А в больнице, как всегда, видимо-невидимо больных, и ничего не поделаешь – принимать надо. Уже и не помню, как я справилась и с этим и добралась домой с единственной мыслью – спать, спать… Но уснуть сразу не удавалось: я провела всю ночь в таком возбужденном состоянии, что и теперь оно не могло улечься, да и работать пришлось все время, стоя на коленях, на полу, и от неловкого положения у меня ныли все члены. И как нарочно, едва я начала засыпать, послышались торопливые шаги под окном и скрип калитки. Но мне казалось невозможным поднять с подушки отяжелевшую голову, и я заснула моментально, как дети, так что, когда, минуту спустя, Катерина вошла в комнату, ей пришлось уже будить меня. «Женщина пришла… муж ейный болен». - «Что с ним?» - сонно спрашиваю я, отчаянно хватаясь за последнюю надежду - может быть, случай неспешный. Но эта надежда обманывает меня – жена говорит, очень плохо, скорей докторшу надо. Я с усилием поднимаюсь и начинаю одеваться, чуть не плача от усталости и сожаления к себе.
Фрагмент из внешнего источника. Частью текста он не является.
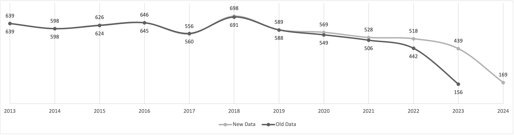 Over the spring and summer we updated the database using placement pages and other public sources of data (h/t Ricardo Rodriguez), inviting program representatives to edit their dashboards at the end of the summer. This effort led to 406 new graduates in the covered period (2013–2023), over 2/3 of which are from 2023. We have updated the interactive graphic on the homepage with this data, and you can explore individual program data through the website (e.g. ASU). Below is a chart comparing new and old data.

А идти надо пешком версты две – извозчиков в этом богоспасаемом городе вообще нет, земскими лошадьми для разъездов по городским больным пользоваться не полагается, а у городских мещан редко у кого найдется лошадь. Нечего делать – иду. По дороге расспрашиваю у своей спутницы – бледной, худой и унылой старухи, - в чем дело. Оказывается, ее «хозяин» болен уже лет десять. «Что же, ему сегодня хуже стало?» - «Да все едино – это он нарочно велел сказать, чтобы вы сейчас пришли», - наивно признается старуха. «Зачем же это?» - не удерживаюсь я – на это бледное унылое создание как-то не хватает духу рассердиться, - «я бы пришла хоть завтра, а сегодня я уже очень устала». Но не возвращаться же с полдороги – и я иду со вздохом вперед, а моя спутница продолжает: «Он и то всем докторам надоел, да и моей мочи с ним нет – согрешила я с ним». Кстати сказать, это любопытное выражение в этих краях употребляется в смысле: «меня им Бог наказал».
Приходим наконец – помещение не на крестьянский уже, а на мещанский лад: 2 комнаты - большая и маленькая; на большой кровати несколько подушек в чистых ситцевых наволочках, шкапик с посудой, стулья. У стола сидит толстый, высокий, краснолицый старик – это и есть пациент. Болен-то он действительно, но немудрено, что всем он надоел – какие нескончаемые, мелочные жалобы, какой эгоизм и придирчивость к окружающим, особенно к его безответной жене, которая, пожалуй, больнее его самого. Он так донимал ее даже в моем присутствии, что я не выдержала: «Вы бы и о ней подумали, посмотрите, какая она у вас». Но толстяк с изумительной откровенностью бесцеремонно махнул рукой: «Что на нее смотреть-то… Вы меня лечите, докторица, а на нее смотреть нечего». Но старуха, видно, ко всему привыкла и только вздыхала, тихонько копошась в углу. Ну, как относиться с участием к такому пациенту, как считать его жизнь драгоценностью? И как трудно лечить людей, которые тебе несимпатичны!